RE:RE:RE:higher dividends are coming GS,
thanks for your post. Clearly, drive the oil price low enough and cash flow for COS and others becomes problematic. My sense is the analysts are likely reviewing and updating there oil price assumptions.
As far as operational reliability I was reviewing the 2013 annual report president's message and found the following instructive:
"Syncrude produced 97.5 million barrels in 2013, which was about 11% below budgeted volumes for the year and lower than the 105 million barrels Syncrude has averaged over the last seven years. The shortfall was largely due to unplanned maintenance in extraction, and extended turnarounds of upgrading units.
The extraction reliability issues were mainly in the crushing and conveyor systems in our mine trains; these will be renewed or replaced by the end of 2014 as part of Syncrude’s mine train projects. At the Aurora North Mine, the crushers and material handling components have already been rebuilt as part of the train relocation project, and the trains have been performing very well. At the Mildred Lake Mine, new mine trains should be in operation before the end of the year. These trains feature greater capacity and wet crushing technology, which should improve reliability (see Mining Technology section).

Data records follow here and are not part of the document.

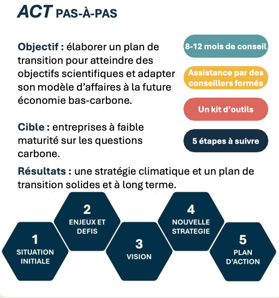 Alors ACT Pas-à-Pas est la parfaite méthodologie pour votre entreprise. Reconnue à l’international, le SBTI et toutes les institutions clés dans la transition bas-carbone, nos experts vous guident en s’adaptant aux enjeux de votre secteur.
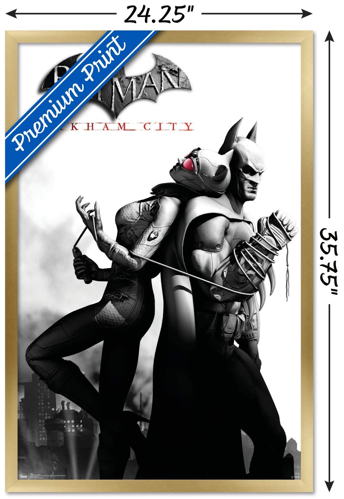 - Q: What size is the Trends International DC Comics Arkham City Catwoman Wall Poster? A: The poster measures 22.375" x 34" and the finished framed size is 24.25" x 35.75" x .75".
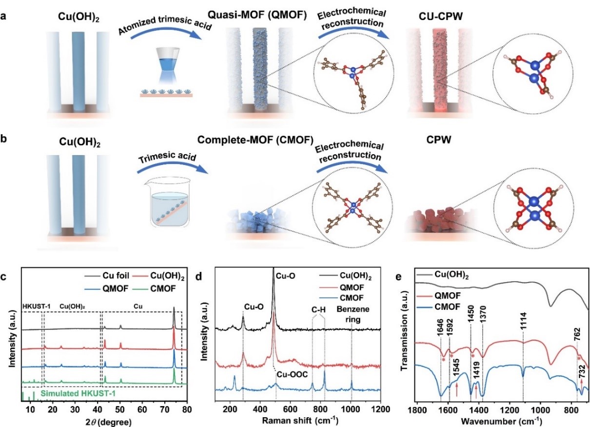 (图a,“雾化均苯三甲酸”策略制备配位不饱和铜浆轮(Coordinatively Unsaturated Cu Paddle Wheel,CU-CPW)簇;图b,常规 “浸渍法”制备配位饱和铜浆轮。)
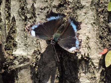 翅の表面には名前の由来となった青色の縦帯があります。裏面は濃淡のある黒褐色ですが、夏型では地色が明るく、秋型では暗くなります。早春に見られるものは成虫で越冬した秋型の個体なので、写真のように翅に損傷があることもしばしばです。

Production in 2013 was also impacted by extended turnarounds of the Coker 8-1, LC-Finer and secondary upgrading units. Syncrude has identified inefficiencies in turnaround planning and scheduling, and will incorporate that knowledge into future turnarounds.
Syncrude is focused on improving reliability to unlock higher production levels from the current facility and, as always, managing costs. They remain committed to implementing comprehensive systems and processes to grow production volumes over the longterm. Significant progress was achieved in 2013.

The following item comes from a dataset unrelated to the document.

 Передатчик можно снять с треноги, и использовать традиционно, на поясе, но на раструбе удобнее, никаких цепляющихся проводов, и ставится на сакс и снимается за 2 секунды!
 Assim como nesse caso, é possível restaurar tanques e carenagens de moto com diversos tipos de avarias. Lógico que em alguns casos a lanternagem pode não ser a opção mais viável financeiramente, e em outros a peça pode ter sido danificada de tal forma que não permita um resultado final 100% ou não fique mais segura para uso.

ExxonMobil’s proprietary Operations Integrity Management System (OIMS) was fully implemented last year. OIMS establishes expectations and requirements for addressing safety, health, environmental and social risk. This system is proven in ExxonMobil’s world-leading refinery operations and made available to Syncrude as part of the Management Services Agreement (MSA). Work under the MSA has also identified several initiatives to help remove production constraints.
Upgrades are currently being made on the bitumen centrifuges to reduce solids in the bitumen froth entering the upgrader, which was leading to leaks and unexpected downtime. Analysis also indicated enhancements on heat exchangers would improve the functioning of Syncrude’s hydrogen plants. Modifications on the bitumen centrifuges and hydrogen plants are scheduled to be complete in 2014, and should help reduce outages that resulted in the loss of millions of barrels of production in recent years."
Sorry for the long excerpt but two things caught my attention.
1) we are getting more visibility into what went wrong with production,and the learnings and plans to improve
2) as a result it inspires more confidence that production will improve. I would prefer even more with time lines etc, but it is an improvement.
Lastly I am looking for info about higher capex in 2015-2017. What I have read so far is that syncrude is ahead of plan under budget and expects to be completed in early
2015. Can you provide the capex detail?